If you as the game developer need to cheat and take away my agency when the mechanics you have given me up until that point say I can do X, because you need me to do not-X for your story to land, you are a bad game developer and/or a bad writer. The logical consequence of fully-engaging with murder-hobo gameplay is not "I decide to kill my friends for no reason and then the retarded Bad End happens", it's a cut to Citra's perspective as she is waiting for you to approach, is concerned that you are taking so long, turns to look a the captives, and when she turns back all of the Rakyat are dead and Jason is standing in front of her, machete out, with vacant stare and happy smile, because the fun isn't over and now he gets to do all the outpost liberations again. I buy that a drugged-out witch would delude herself into thinking "Aha, I am manipulating the American super-soldier into doing my bidding!" and not noticing that he's killing people he has reason to kill, and that this started before she met him, or even that the last three times her brother literally killed him and the hundreds of times he got maimed by bullets, fire, or crocodiles he just casually came back from the dead.

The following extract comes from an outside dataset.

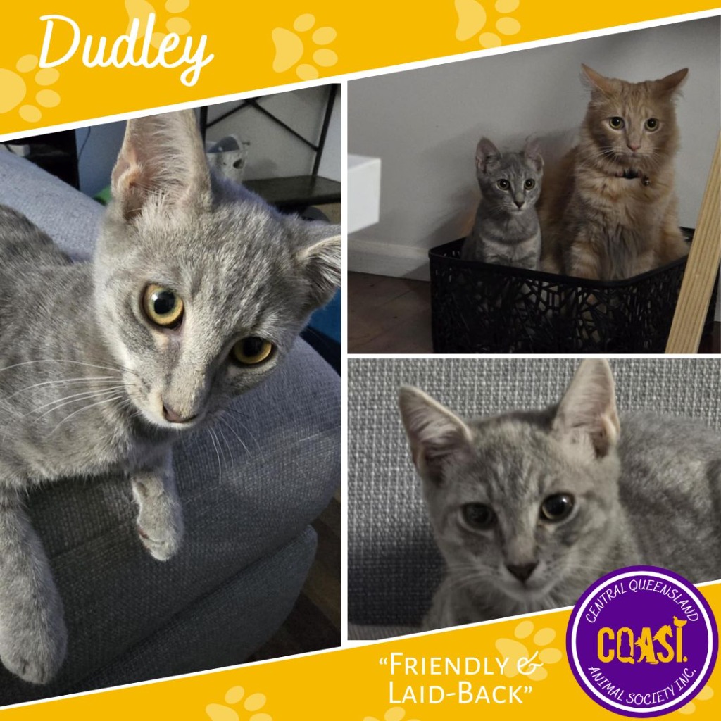 Hi there! I'm Dudley, your friendly feline companion. I love nothing more than curling up next to you while you watch TV or dive into a good book. When I settle in, I like to stretch out my long legs and relax for a cozy snooze.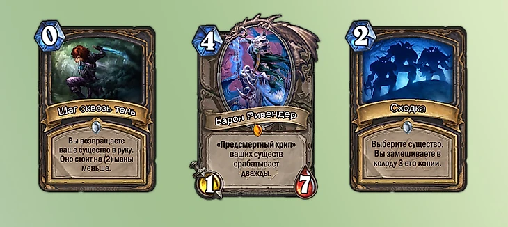В теории клонирование предсмертных хрипов на этом не заканчивается, так как мы можем использовать «Шаг сквозь тень» на первого Ящера и применить его на второго (который с 4 хрипами), получив 8 хрипов. Как вы понимаете, это тоже не предел, ведь у нас в колоде может быть 2 «Шага»! Всего же Ящер способен скопировать до 16 предсмертных хрипов.

If the game disapproves of my choice to engage with it, then the game is dumb, and if the game is instead offering implicit approval of Vaas and Citra by saying that they weren't punished for their own murder-hoboism, then the game is just the authors engaging in contempt and sneering at their audience instead of trying to make a point, and said sneering says much more about them then it does about me.

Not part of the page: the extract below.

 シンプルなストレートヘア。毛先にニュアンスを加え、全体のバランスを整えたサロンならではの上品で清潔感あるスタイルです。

Great, that fixed it. Thanks.

You’re welcome :)

Have to spoiler-tag each paragraph individually. Dunno why it's better-behaved in the preview than in post. Use escaped control characters or periods to keep the paragraphs separate after.

There was some dark humor in Dishonored in that the nonlethal ways to eliminate your targets were stuff like them being sold as slaves with their tongues cut out or getting locked in a rape dungeon for life, that quite possibly left them wishing you'd just killed them instead.

You don't have to play the game like Thief, you can kill up to 30% of all the enemies in each level. You can easily kill all the targets and their guards, but if you're killing every guard on the way, then yes, you do kind of deserve the bad ending.